Agora, ele já pode se ocupar de seu próprio passe. Mas – outra surpresa
–, o cenário desse passe não será o ritual proposto pela escola de Lacan,
e sim o proposto pelo bar mitzva de seus filhos. O que se ganha dos
pais, paga-se aos filhos. No caso dele, com os juros da elaboração do Édipo.
Desdivinizada, a identificação já pode passar por trâmites mais simbólicos,
reconhecendo-se um pai patógeno para seus filhos (p.231). E esse reconhecimento,
nada fácil, com a força de uma castração simbólica, possibilita a Lacan autorizá-lo
a tomar seus próprios filhos em análise, ainda que por um curto espaço de
tempo. Eis aí um momento em que podemos apreciar os efeitos de uma destituição
subjetiva. Isso certamente lhe possibilitou adentrar ao complexo tema da
identificação primária. Seguindo uma indicação de Lacan ele
se dedica, então, ao estudo das culturas semíticas. Pode ser que aí tenha
se encontrado com os Idumeus, e com Esaú (também chamado de Edom), e com
seu irmão Jacó, que depois de ter lutado com um anjo, e saído vencedor, tem
seu nome mudado para Israel.
A experiência do passe, tenha ou não dado certo, tem sua verdade e o
importante é que essas passagens implicam na mudança de nome. A valorização
desses passes abre-lhe a possibilidade de perceber a verdade contida mesmo
na passagem de ano, este passe denominado de Rosh Há-Shana pelos
judeus, e ele então se dá conta de que todas aquelas comidinhas acompanhadas
de rezas, com fórmulas particularíssimas, é o equivalente de um jantar
totêmico. O que se come aí são fundamentalmente palavras. Esse estalo é
tão importante para ele que, mais tarde, desenvolve-lo-á em um livro chamado
Comer o livro. Seu primeiro ensaio sobre o tema, contudo,
é contagiado ainda por sua ambivalência e ele não crê no seu valor, surpreendendo-se
quando Jacques Hassoum e Erik Porge, entre outros – e depois o próprio Lacan
–, ficam excitados com sua exposição.
Sua relação com o Talmude já é bastante clara e, inspirado em
um de seus doutores, que dizia ter aprendido mais com seus alunos que com
seus mestres, ele propõe à EFP um projeto de leitura dos textos de Freud
relacionados à neurose obsessiva e é aceito.

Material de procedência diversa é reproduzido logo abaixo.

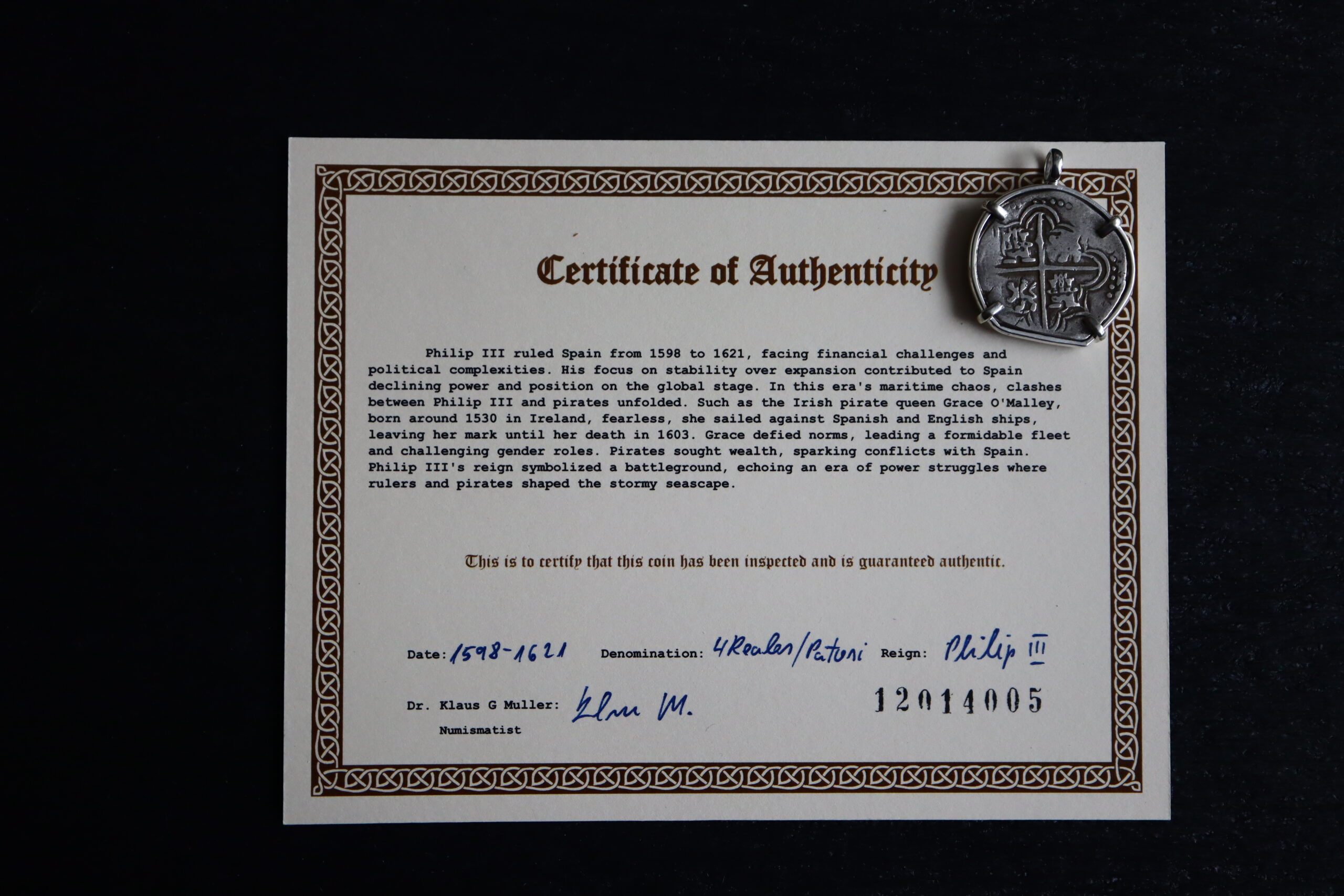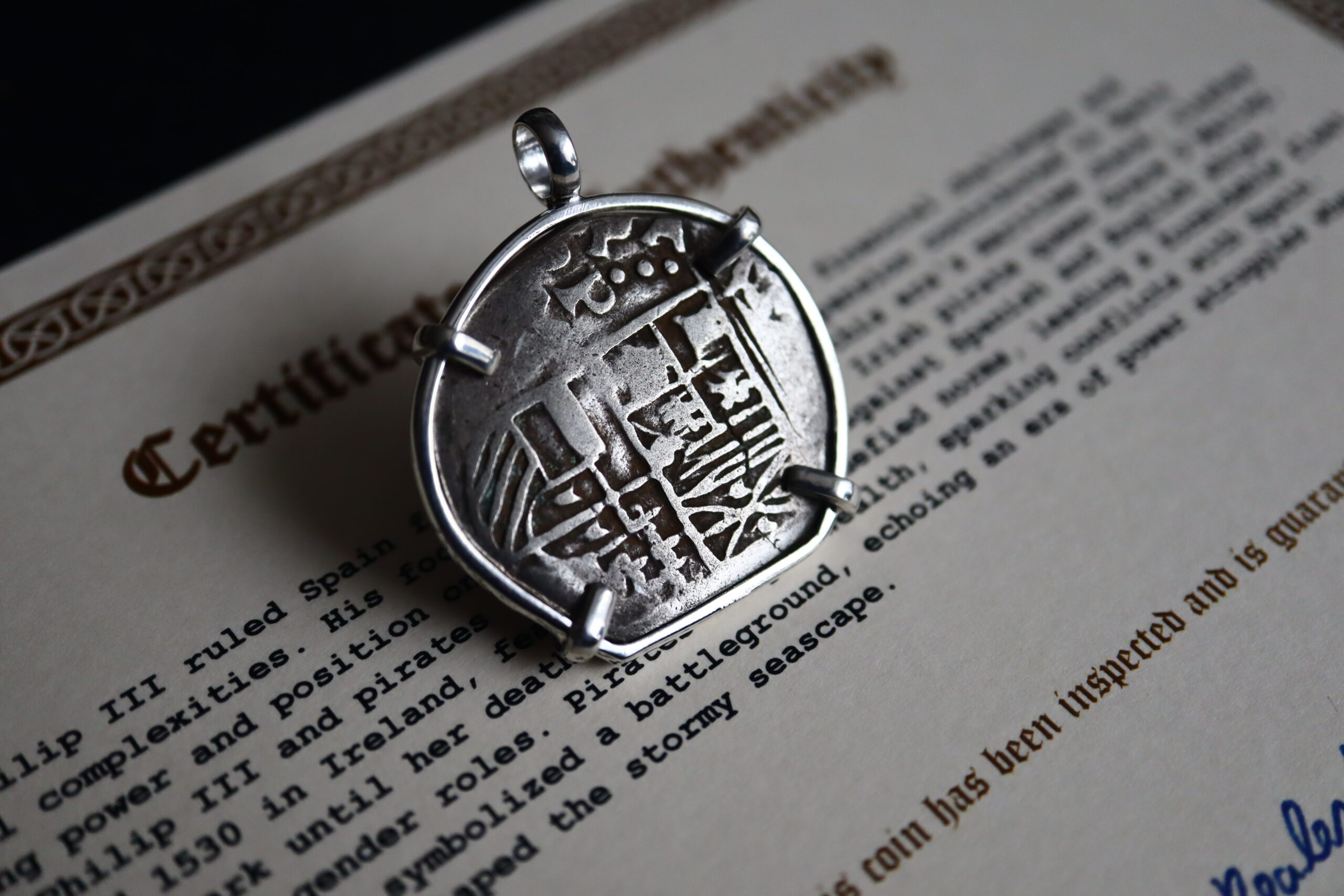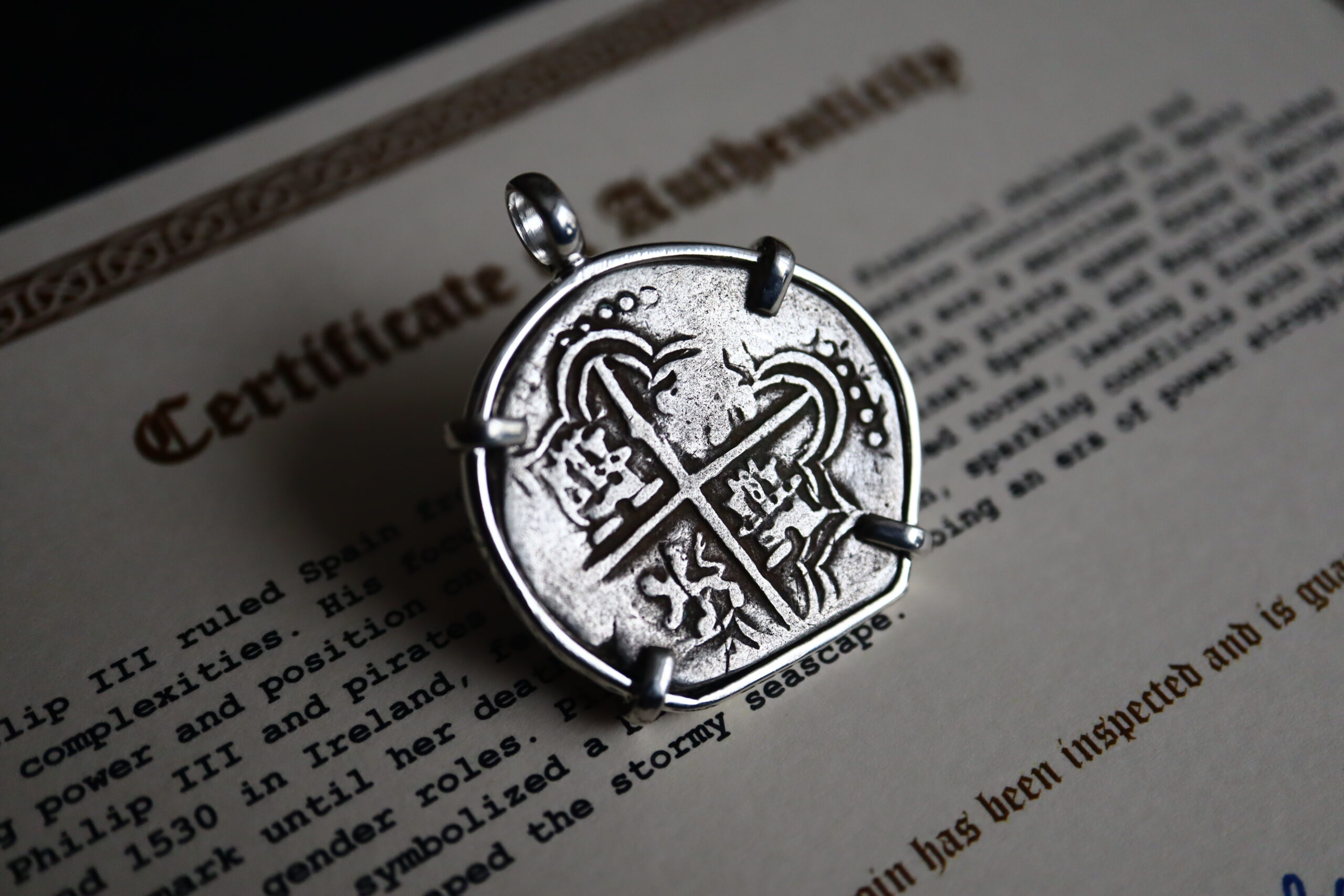 Authentic Pirate Silver Pendant 1598-1621 – 4 Reales / Patosi – Philip III of Spain.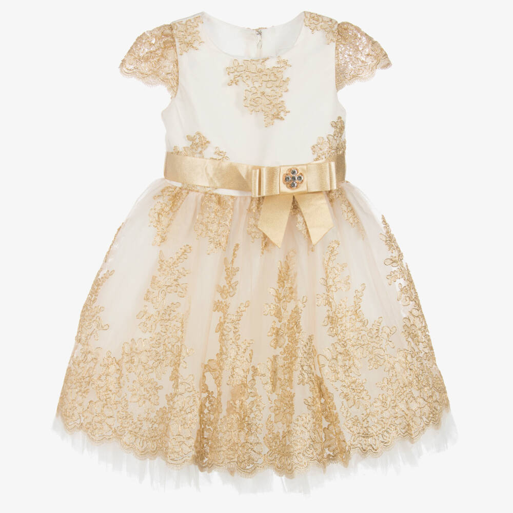A lovely ivory and gold dress set for girls by Romano. Made from beautiful gold embroidered lace with pretty capped sleeves, this dress has underlayers of tulle for extra volume. Fastening with a concealed zip, the attached gold sash with a sparkling jewelled bow embellishment ties neatly on the back. Smaller sizes come with a frilled headband, and larger sizes come with a coordinating bag.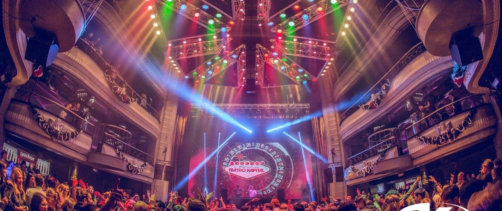 Teatro Kapital Madrid is known worldwide for its structure: the building is divided into 7 floors totally independent of each other, and in which you can enjoy totally different environments: Ground Floor: "Main Floor" - Music House and Dance. 1st floor: "The Privee" - VIP area and wardrobe. 2nd floor: "Music Studio" - Karaoke. 3rd floor: "The Box" - Funky Music and R&B. 4th floor: "Kissing Room" - Cocktail Bar and Bombay Sapphire. 5th floor: "" The Party "- Varied music. 6th floor: "Mojito and Cuba Libre Bacardi Area" - Latin Music. 7th floor: "The Terrace" - Smoking Area and Lounge Bar.
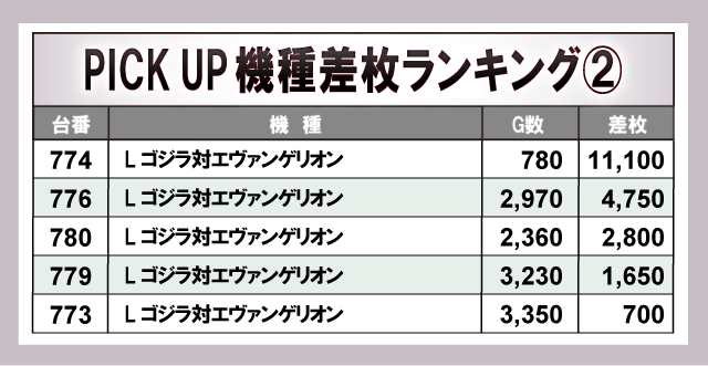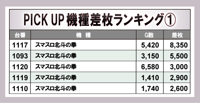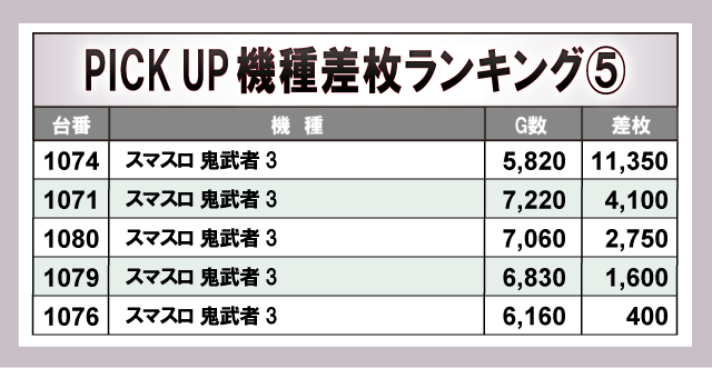 ※差枚数順に掲載しています。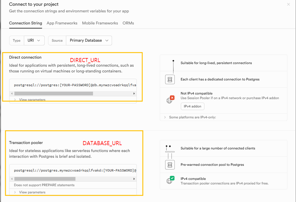 DIRECT_URL="postgresql://postgres.mynwzcvoadrkqqlfvakd:[DB_PASSWORD]@aws-0-ap-northeast-2.pooler.supabase.com:5432/postgres"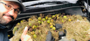 修理工場で車体の下にあるプレートを外すと、取り切れなかった残ったクルミ床に転がったそうです。ごみ箱の半分がクルミで埋まったというから相当な量です。インジェクターのホースに傷がついているようなこともなく、掃除をするだけで済んだというから夫妻も安心したでしょう。今回の件を通しクリスさんはフェイスブックへの投稿で、車を外に止めるなら、時々はボンネットの下を確認することとアドバイスを送っています。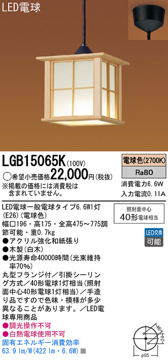 Panasonic LED ¥Ú¥ó¥À¥ó¥È¥é¥¤¥È LGB15065K
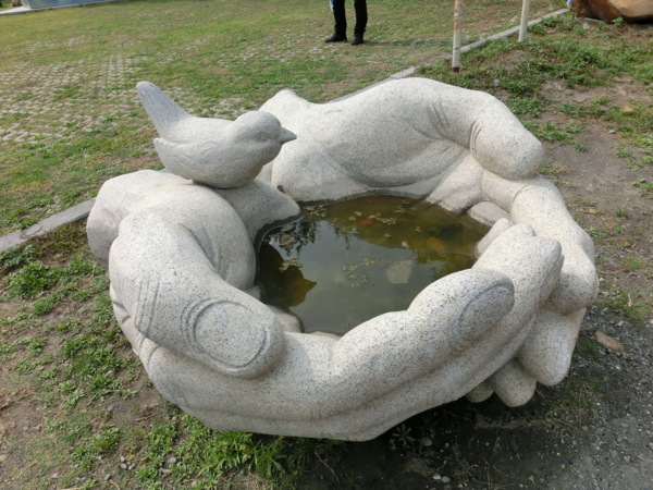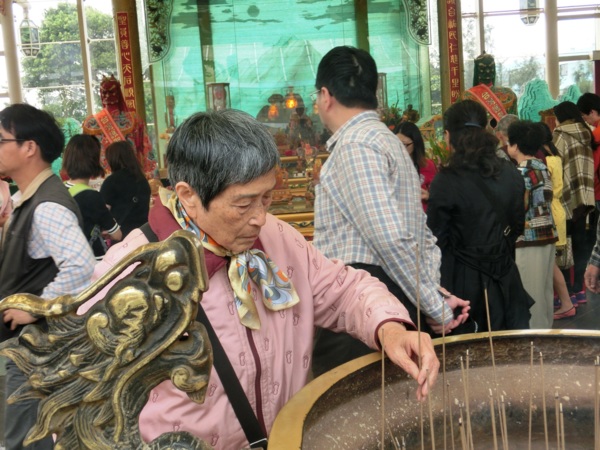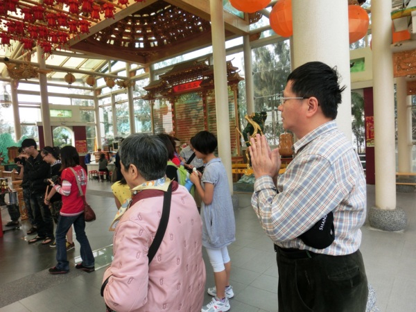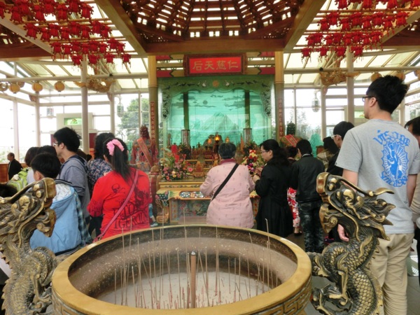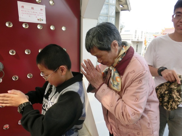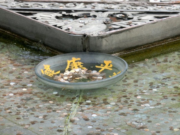 14:34 老媽與四哥天池許願池投錢祈福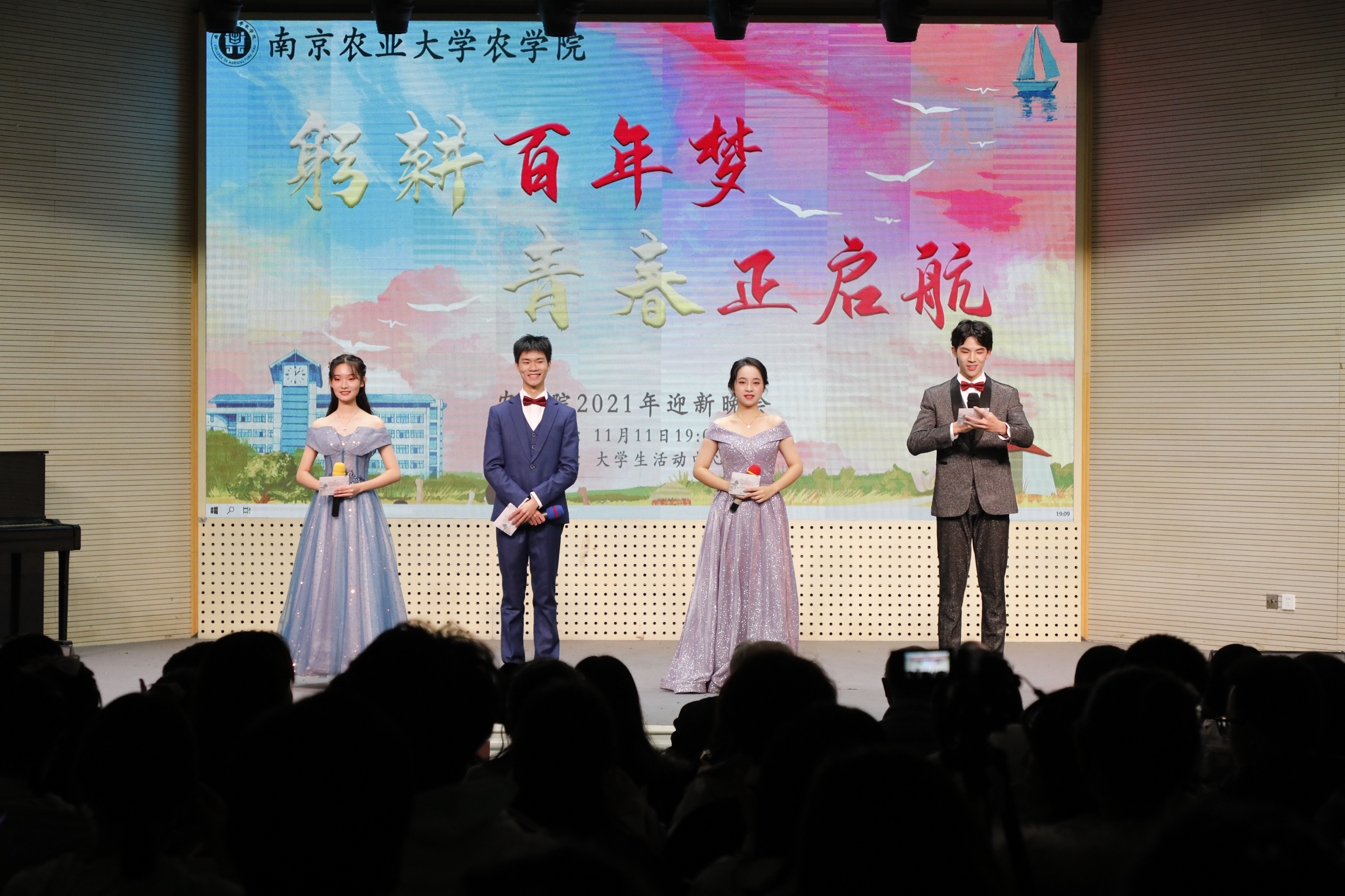 本次晚会是新生们第一次集体亮相,即是欢迎大家到来的盛会,更是启程的号角,2021级新生,肉漫屋 欢迎你们的到来,躬耕百年梦,青春正启航!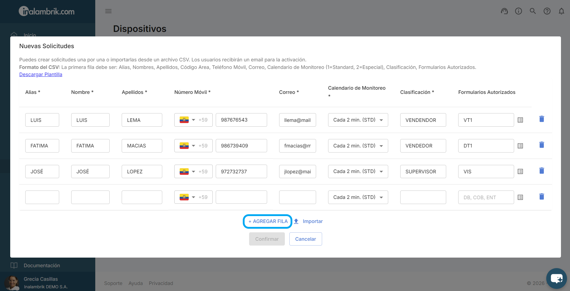 4. En caso de que requiera crear más de un dispositivo, haga clic en la opción AGREGAR FILA para llenar los datos del dispositivo adicional. Puede repetir este paso cuantas veces sea necesario.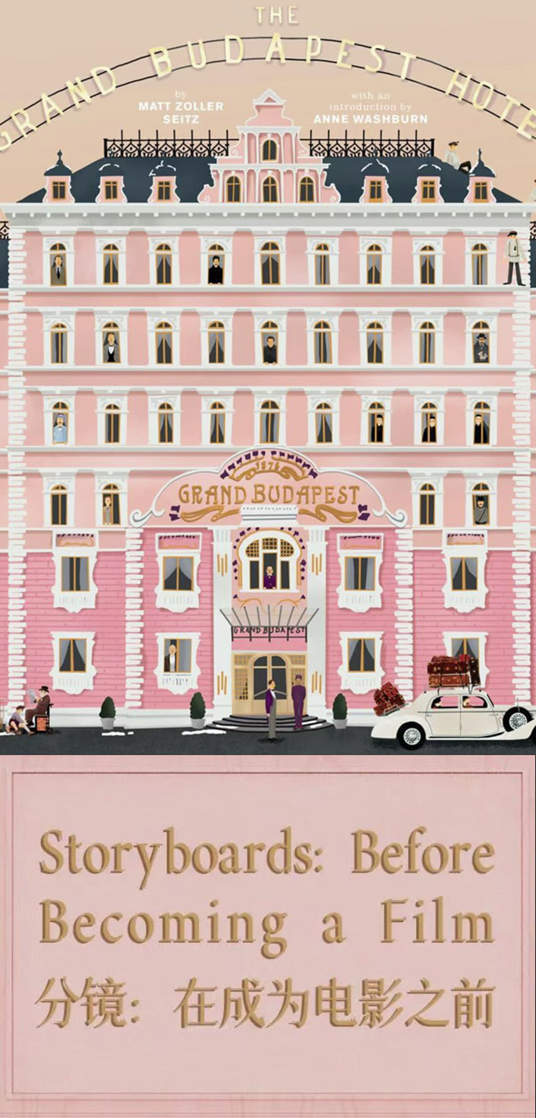 韦斯·安德森无疑是当代电影界视觉风格最鲜明的导演之一,他的视觉风格总是带着极强的平面设计感和强迫症式的秩序感,而他构建的影像世界则更像一个脱离了现实宇宙的立体童话书。展览里展出了《布达佩斯大饭店》的动画分镜,以一种未上色的导演剪辑版的动画短片的形式出现,从这个分镜中,我们也能一窥韦斯·安德森视觉控制狂式的风格在电影制作流程中的延伸。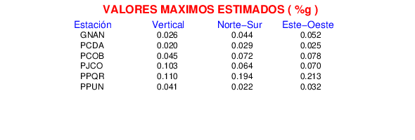 La siguiente tabla muestra los datos de aceleración máxima para cada componente en porcentaje de la aceleración de la gravedad (%g). Estos se obtienen dividiendo el valor del PGA registrado por 980 cm/s2 y multiplicándolo por 100.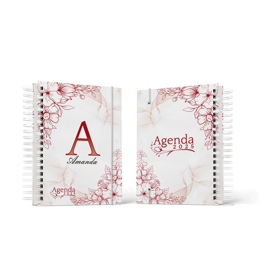 Agenda 2025 Floral com capa personalizada com Letra e Nome.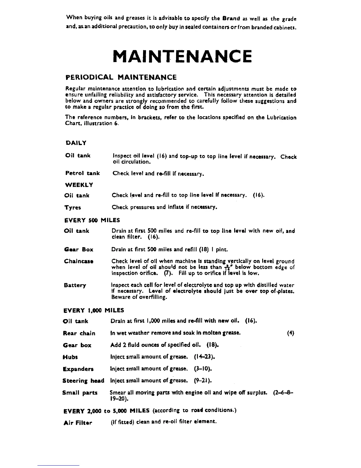Matchless G9 - Periodical Maintenance Schedule; Daily, Weekly, and 500-Mile Checks

Essa iniciativa é plena de consequências: a primeira consiste no próprio
fato de ter seu projeto aprovado por uma instância capaz mesmo de reprovar
projetos de colegas do status de um Leclaire. Verdade que, nesse
projeto negado, Leclaire estava associado a Antoinette Fouque, a quem G.H.
chama de Egéria, egéria do feminismo. Egéria é o nome de uma
ninfa que dá conselhos, e esse não é um princípio recomendado pela Psicanálise.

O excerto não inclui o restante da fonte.